TASK STATEMENT: Retype exactly what appears below from the line containing "LB15WKG01-FJ: Pushbutton Switches" down to the line containing "Monsieur Bébé - Trotteur", keeping both end lines. Do not include pictures.

RECORD SET:
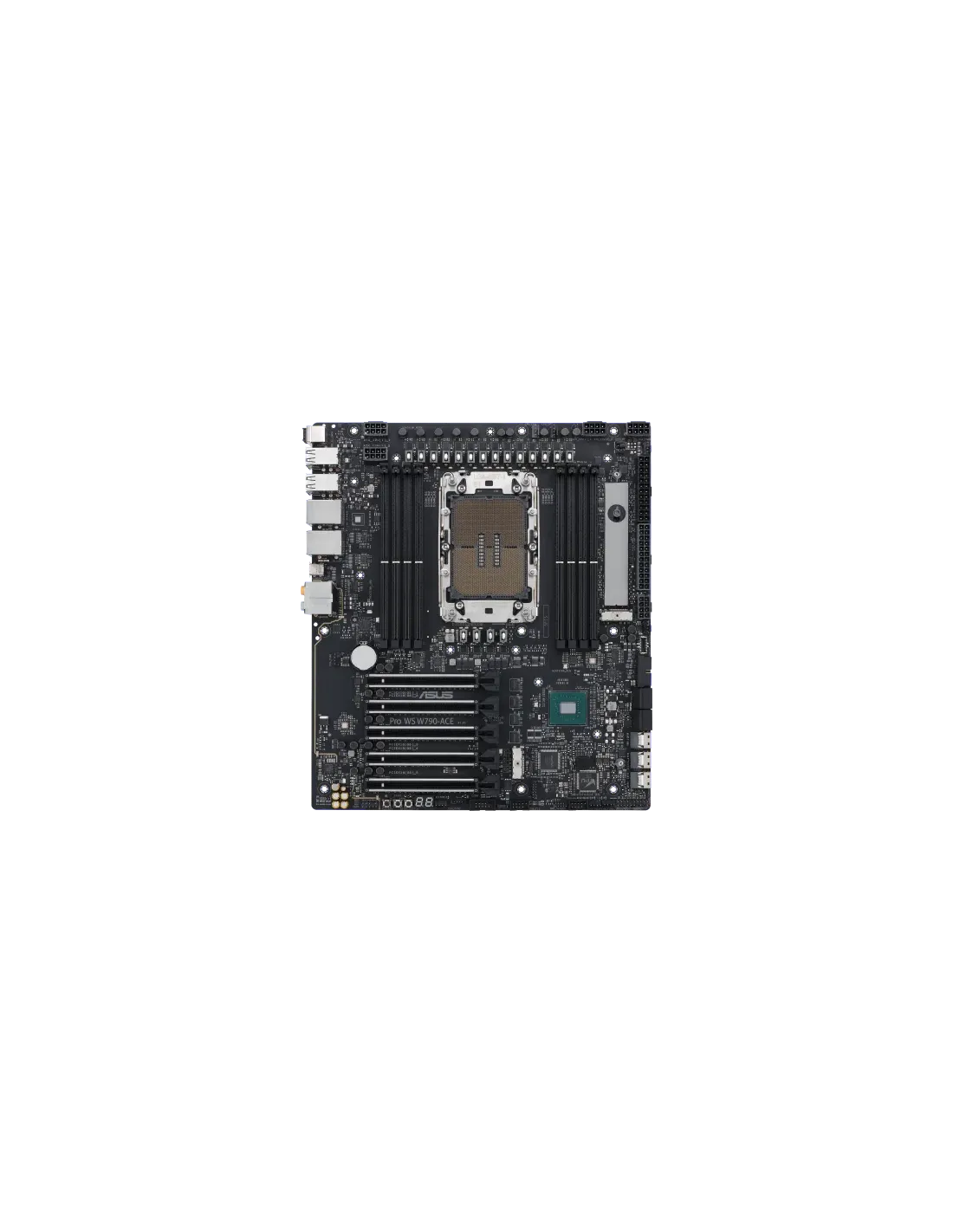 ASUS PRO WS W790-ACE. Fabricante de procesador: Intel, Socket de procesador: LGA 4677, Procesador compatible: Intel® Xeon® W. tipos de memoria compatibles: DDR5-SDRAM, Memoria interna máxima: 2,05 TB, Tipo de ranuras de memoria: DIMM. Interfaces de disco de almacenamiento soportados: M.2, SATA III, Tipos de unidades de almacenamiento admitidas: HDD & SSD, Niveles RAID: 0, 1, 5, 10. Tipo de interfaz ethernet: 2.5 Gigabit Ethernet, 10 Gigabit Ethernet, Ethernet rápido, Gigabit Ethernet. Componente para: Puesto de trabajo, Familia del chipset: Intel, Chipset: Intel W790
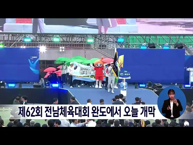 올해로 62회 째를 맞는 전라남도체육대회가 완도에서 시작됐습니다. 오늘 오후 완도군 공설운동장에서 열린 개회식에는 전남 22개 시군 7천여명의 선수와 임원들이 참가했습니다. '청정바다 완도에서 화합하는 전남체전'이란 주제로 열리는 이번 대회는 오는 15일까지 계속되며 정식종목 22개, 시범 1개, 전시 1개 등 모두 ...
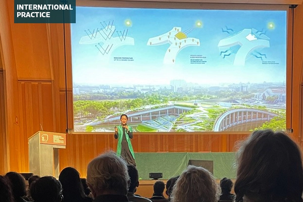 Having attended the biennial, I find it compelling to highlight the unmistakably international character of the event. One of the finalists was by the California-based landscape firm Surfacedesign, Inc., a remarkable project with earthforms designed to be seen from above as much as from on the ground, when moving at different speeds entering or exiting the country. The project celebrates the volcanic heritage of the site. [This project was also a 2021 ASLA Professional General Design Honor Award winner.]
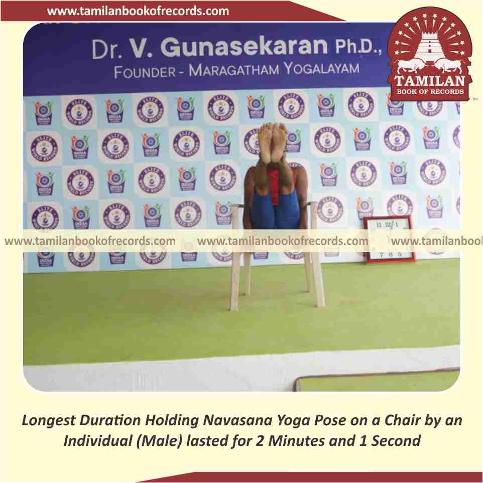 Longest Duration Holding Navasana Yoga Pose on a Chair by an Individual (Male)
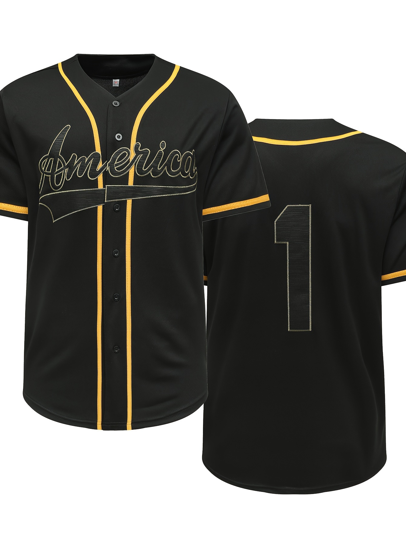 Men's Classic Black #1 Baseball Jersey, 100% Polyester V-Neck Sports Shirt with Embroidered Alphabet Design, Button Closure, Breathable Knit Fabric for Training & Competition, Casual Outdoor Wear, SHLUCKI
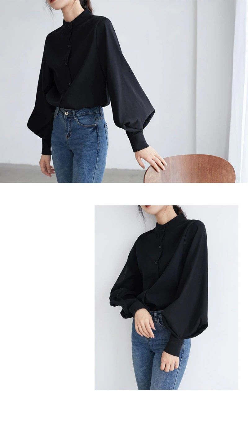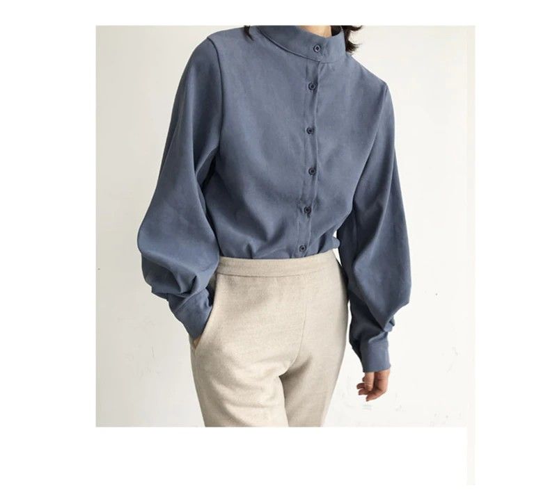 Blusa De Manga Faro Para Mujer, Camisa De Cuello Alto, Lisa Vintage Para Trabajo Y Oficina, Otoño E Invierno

---

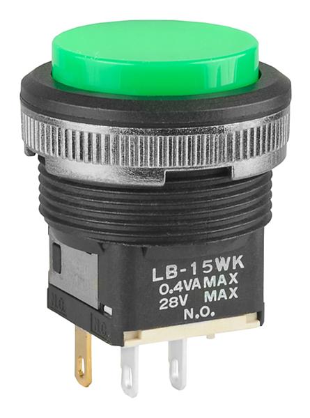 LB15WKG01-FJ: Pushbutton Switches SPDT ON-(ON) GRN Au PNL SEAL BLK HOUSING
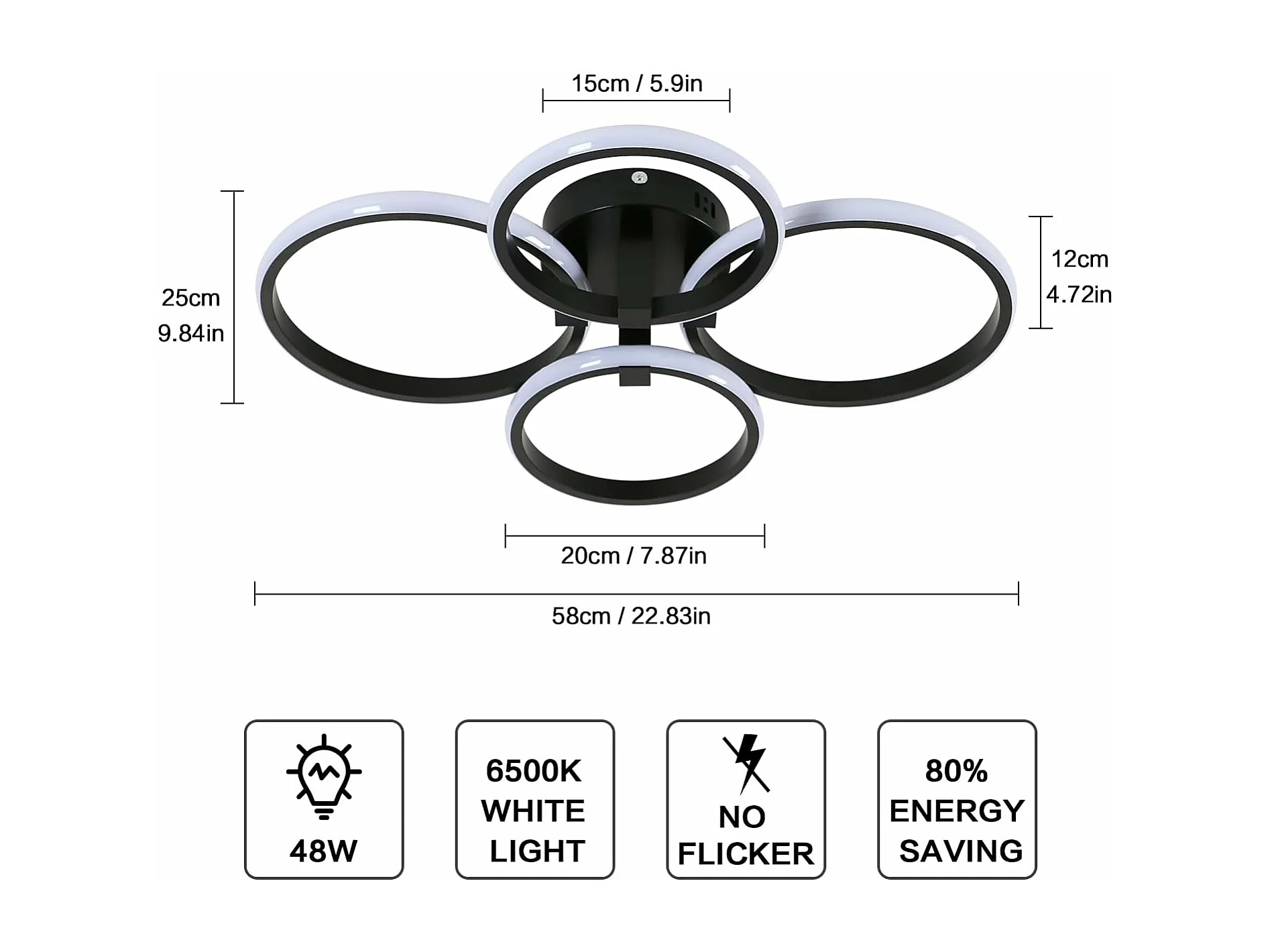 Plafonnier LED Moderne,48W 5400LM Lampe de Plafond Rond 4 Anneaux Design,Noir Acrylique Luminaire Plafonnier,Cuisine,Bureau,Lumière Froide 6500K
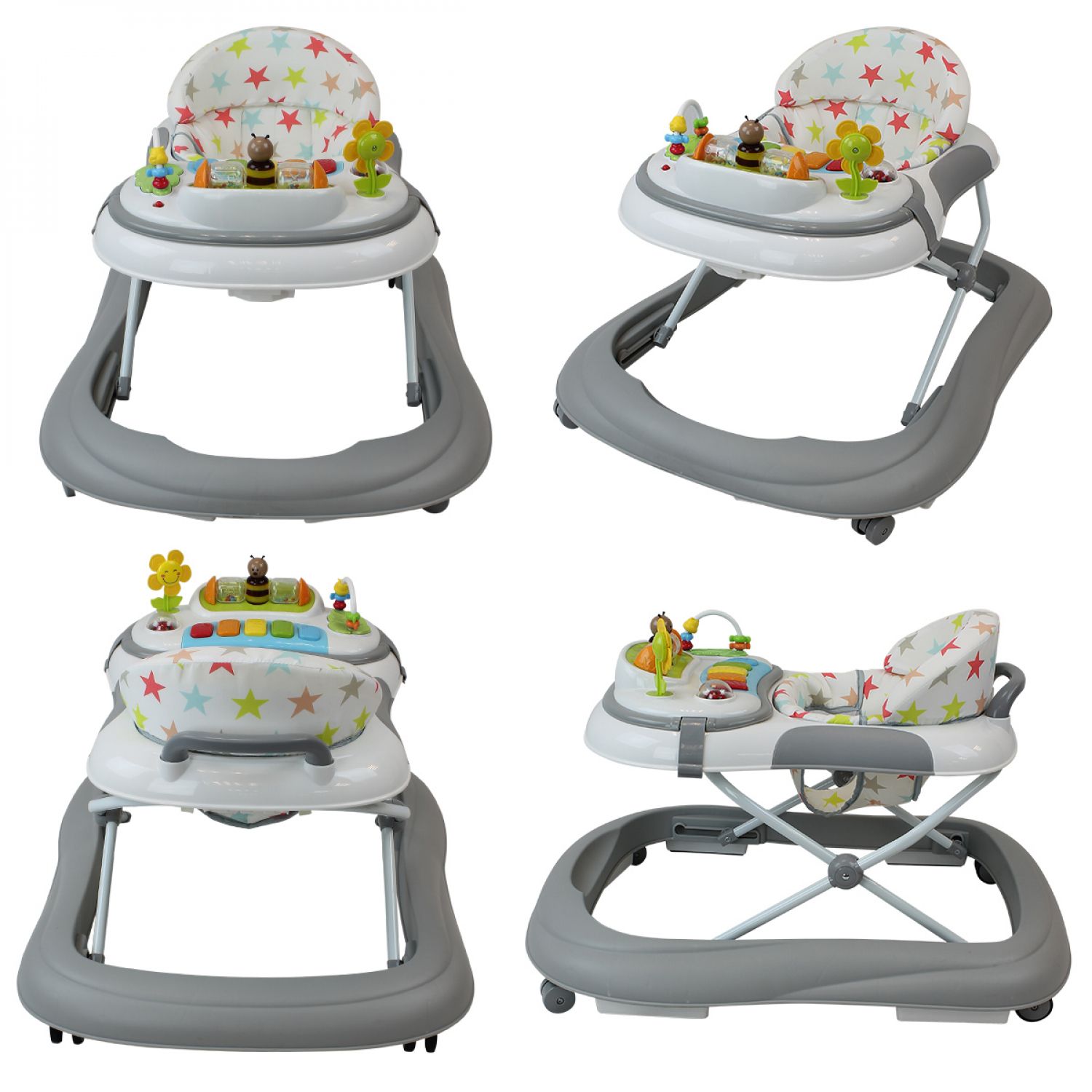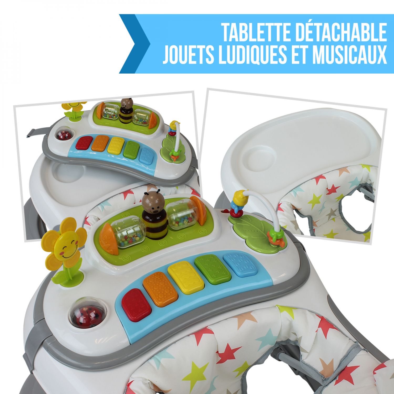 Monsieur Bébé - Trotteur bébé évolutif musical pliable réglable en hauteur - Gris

* * *

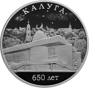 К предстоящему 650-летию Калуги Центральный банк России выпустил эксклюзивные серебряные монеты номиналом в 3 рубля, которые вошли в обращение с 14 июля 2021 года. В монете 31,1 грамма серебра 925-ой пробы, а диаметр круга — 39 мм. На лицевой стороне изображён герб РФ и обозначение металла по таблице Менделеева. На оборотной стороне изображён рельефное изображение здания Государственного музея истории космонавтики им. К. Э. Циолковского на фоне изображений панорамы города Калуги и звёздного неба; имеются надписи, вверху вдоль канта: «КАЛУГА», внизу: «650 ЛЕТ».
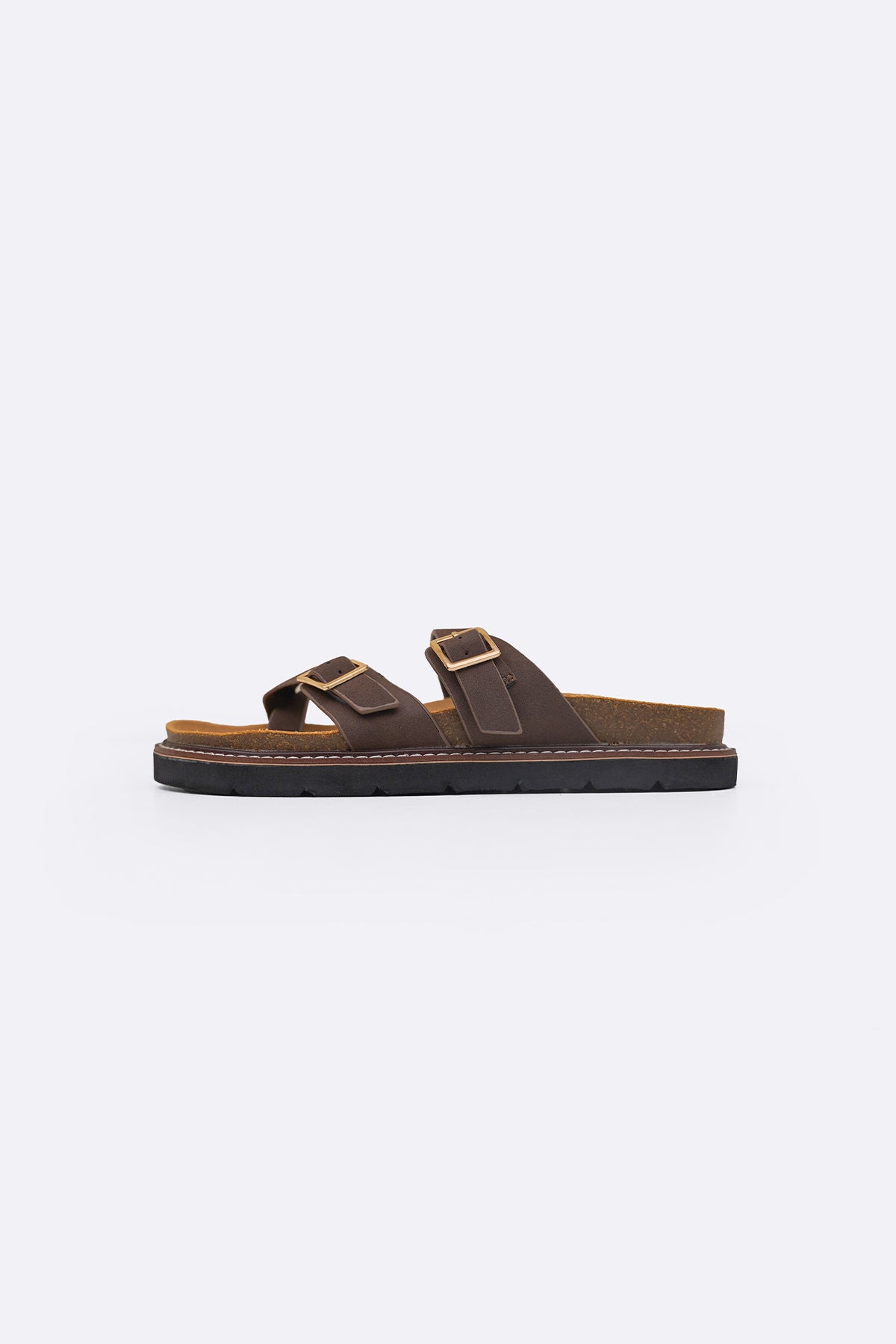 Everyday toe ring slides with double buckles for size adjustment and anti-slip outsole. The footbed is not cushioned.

TASK RESPONSE:
 LB15WKG01-FJ: Pushbutton Switches SPDT ON-(ON) GRN Au PNL SEAL BLK HOUSING
 Plafonnier LED Moderne,48W 5400LM Lampe de Plafond Rond 4 Anneaux Design,Noir Acrylique Luminaire Plafonnier,Cuisine,Bureau,Lumière Froide 6500K
 Monsieur Bébé - Trotteur bébé évolutif musical pliable réglable en hauteur - Gris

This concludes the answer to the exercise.